WHAT THE EXERCISE ASKS: The part below that opens with the line containing "Izlet s kolesi (učenci predmetne stopnje)" and closes with the line containing "Saurins emocionats per" should be copied exactly, minus any pictures.

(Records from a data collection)
==========

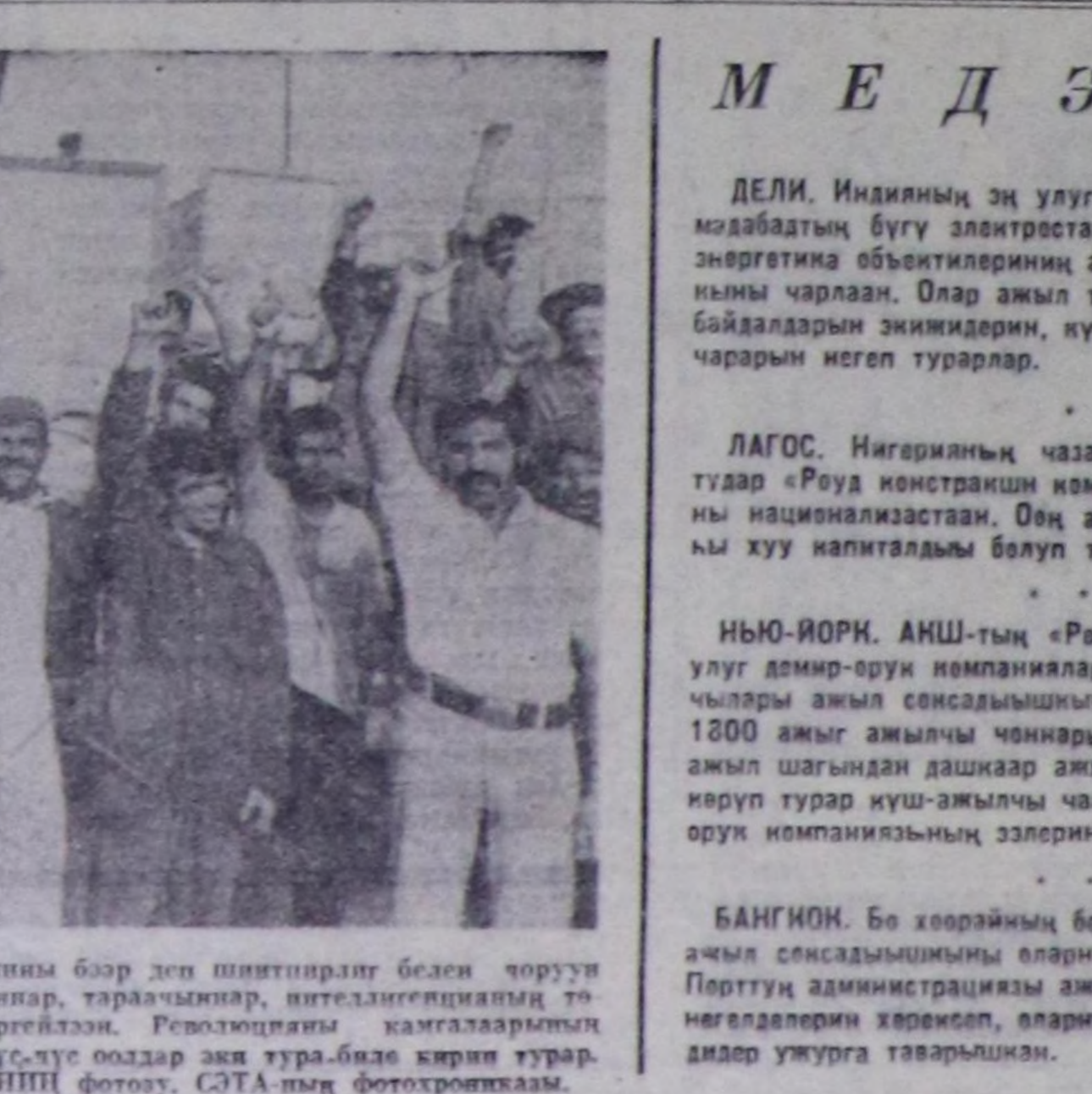
ойтүр шавышыны бээр деп шийтирилди беан чорун муну ахыччылар, тараччылар, ителдигеишанын төлөөкчилери кирегиелээ. Революцияны казгалары комитеттерини чүр-үс оодар эки тура-биле кирип турар. Г. НАДЕЖДИНИЦ фотоу, СЭТА-ның фотохроникасы.

Аэрофлоттук «Ил-62» дээр рейс самолөду үш ахыг холуу оодаланыш-биле август 28-те Нью-Йорктан Москвага утаалдыр ужудул үшкен. Америк эрге-чавырлар делегей эргелик чорутуу нормативтерини куду көрүшпаш, совет самолөттү, оон 112 пассажирин болгаш экипажтын 11 жөжүгүн Ке-ленди аттыг аэропортка 73 чурттык такта хоруталга турган.
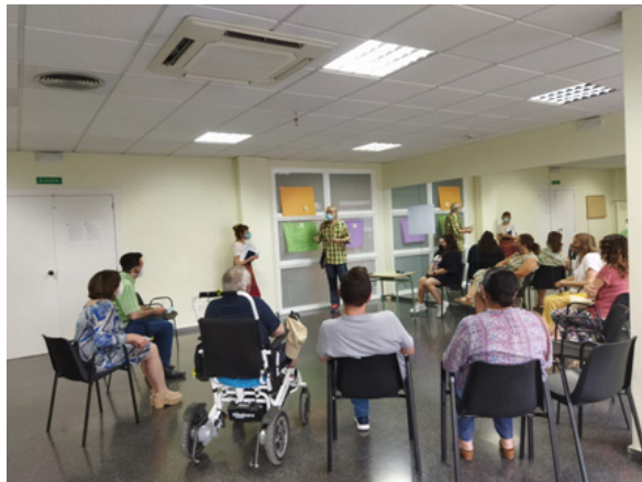
Fotografies preses durant la sessió del taller de diagnòstic amb el Fòrum Veïnal, concretament en la part final de posada en comú.

Finalment, es van dedicar 30 minuts al plenari, en el qual la persona que va moderar cadascuna de les taules de treball va exposar tot el plantejat durant les taules i, de manera col·lectiva, es va continuar matisant o ampliant el contingut.
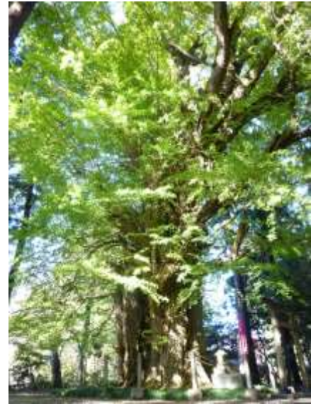
切畑の乳銀杏 (県指定天然記念物)
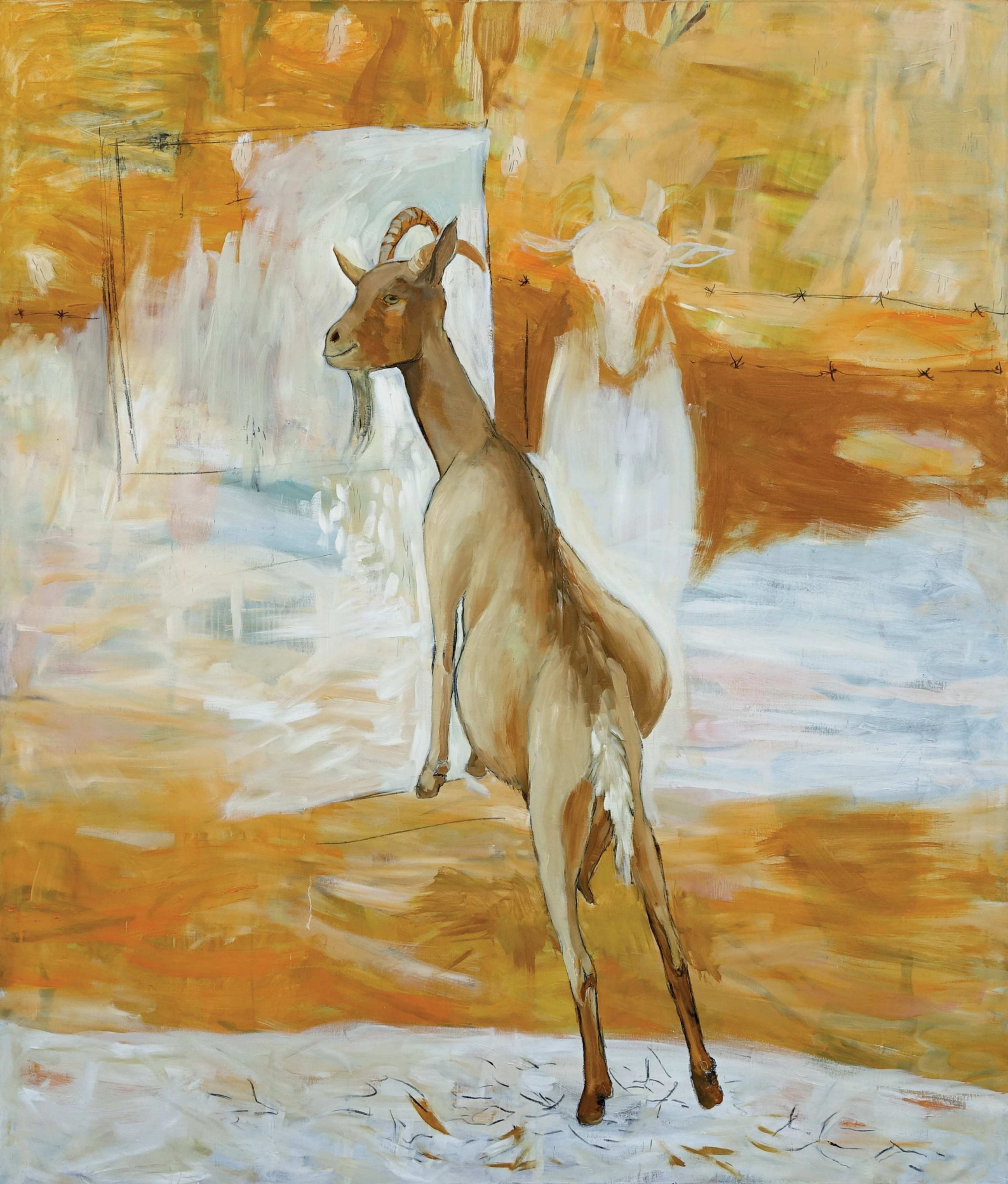
Auf der Suche nach Arkadien (Licht) | Searching for Arcadia (Light)

Öl auf Leinwand | Oil on canvas | 200 x 170 cm | 2018
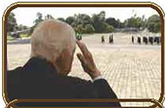
La columna de honores desfila ante el presidium, haciendo gala de marcialidad y gallardía.
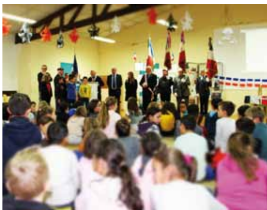
Centenaire, remise des drapeaux...
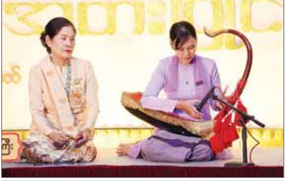
ဝါသနာရှင်အဆင့် (ပထမတန်း) အမျိုးသမီး အတီး (စောင်း) ပြိုင်ပွဲတွင် တနင်္သာရီတိုင်း ဒေသကြီးမှ ပြိုင်ပွဲဝင်၏ ယှဉ်ပြိုင်တီးခတ်မှု။
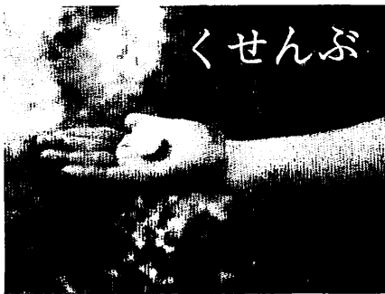
直径 4.5センチのヒョウ 山浦町
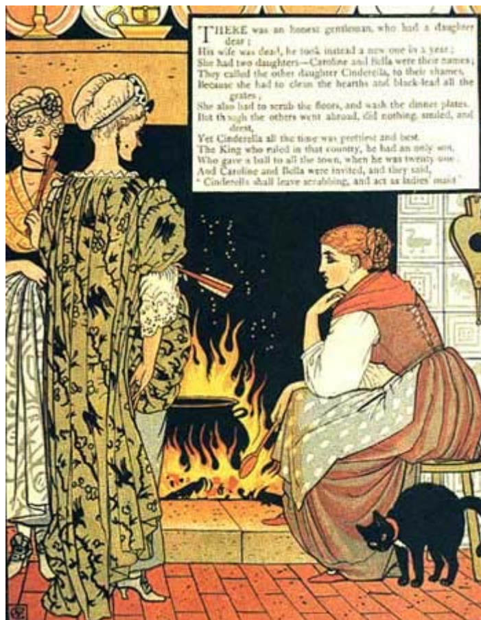
Dessin de Walter Crane

les dans la cendre, de sorte qu'elle devait recommencer à les trier. Le soir, lorsqu'elle était épuisée de travail, elle ne se couchait pas dans un lit, mais devait s'étendre près du foyer dans les cendres. Et parce que cela lui donnait toujours un air poussiéreux et sale, elles l'appelèrent « Cendrillon ».
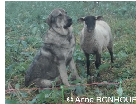
Cão de Gado Transmontano
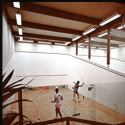
Swissair-Freizeitanlage Bassersdorf mit Squashcenter und Tennishalle
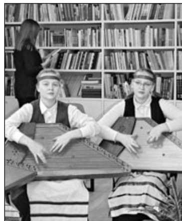
Выступают юные кантелистки
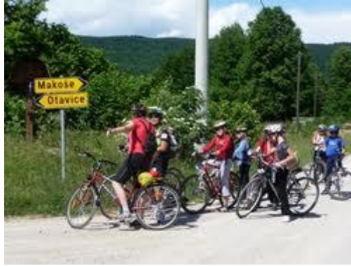
Izlet s kolesi (učenci predmetne stopnje)
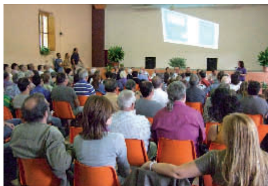
Aspecte de la sala de la vila, atents a la taula rodona de saurins

Saurins emocionats per haver tingut l'oportunitat de reunir-se, poder-se expressar. Alhora, esperançats perquè la primera jornada saurina ja té en camí una segona i confiem que moltes més al darrere.
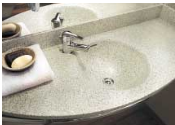
NOVOTEL, ROTTERDAM, PAESI BASSI. UN LAVABO "TUTTO IN UN PEZZO" IN CORIAN® PYRENEES.

Funzionale, solido e non poroso, Corian® presenta impeccabili standard igienici. Così facili da pulire, i top e lavabi sembrano creati in un unico pezzo di Corian® grazie a giunzioni praticamente invisibili.
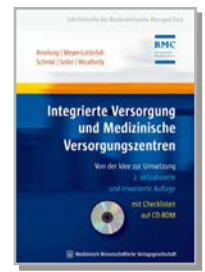
ISBN 978-3-939069-57-7 2008, € 49,95 [D]

Ja , hiermit bestelle ich zur Lieferung gegen Rechnung: (innerhalb Deutschlands, Österreichs und der Schweiz)
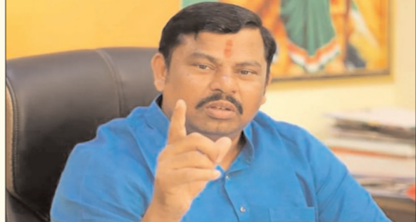
హైదరాబాద్ - ప్రభాత సూర్యుడు
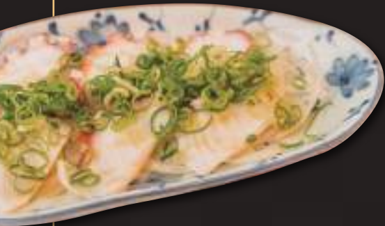
たこねぎゴマ油和え Octopus w/diced green onions dressed in sesame oil
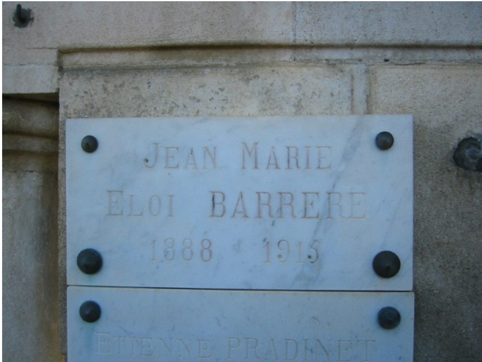
SAINT-LYS, cimetière du Village, concession A.028 (caveau BARRÈRE, référence 1922/062) : sépulture d'Éloi BARRÈRE.
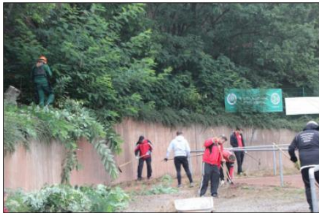
Fußballseniorenabteilung - Sauberer Sportplatz 2017
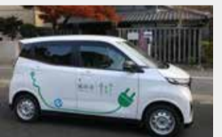
公用車として導入している電気自動車「サクラ」

2月16日、2050年度までに、全ての市民や事業者が脱炭素型のライフスタイルや事業活動を取り入れ、二酸化炭素排出量実質ゼロのまちを目指す「ゼロカーボンシティ」を表明しました。市では、公用車の一部に電気自動車を導入するほか、太陽光発電設備や蓄電システム、電気自動車・プラグインハイブリッド自動車、断熱窓、エネファームなどの設置、購入費用の一部の補助などを実施しています。市民、事業者、行政が一体となって、省エネルギー生活への転換や再生可能エネルギー活用への促進に向け、今後さらに取り組みを進めていきます。
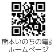
熊本のいのちの電話 ホームページ

申込期限 4月28日(金) ④ 熊本のいのちの電話事務局 平日午前10時～午後5時 232-4343

==========

WRITTEN ANSWER:
Izlet s kolesi (učenci predmetne stopnje)
Aspecte de la sala de la vila, atents a la taula rodona de saurins

Saurins emocionats per haver tingut l'oportunitat de reunir-se, poder-se expressar. Alhora, esperançats perquè la primera jornada saurina ja té en camí una segona i confiem que moltes més al darrere.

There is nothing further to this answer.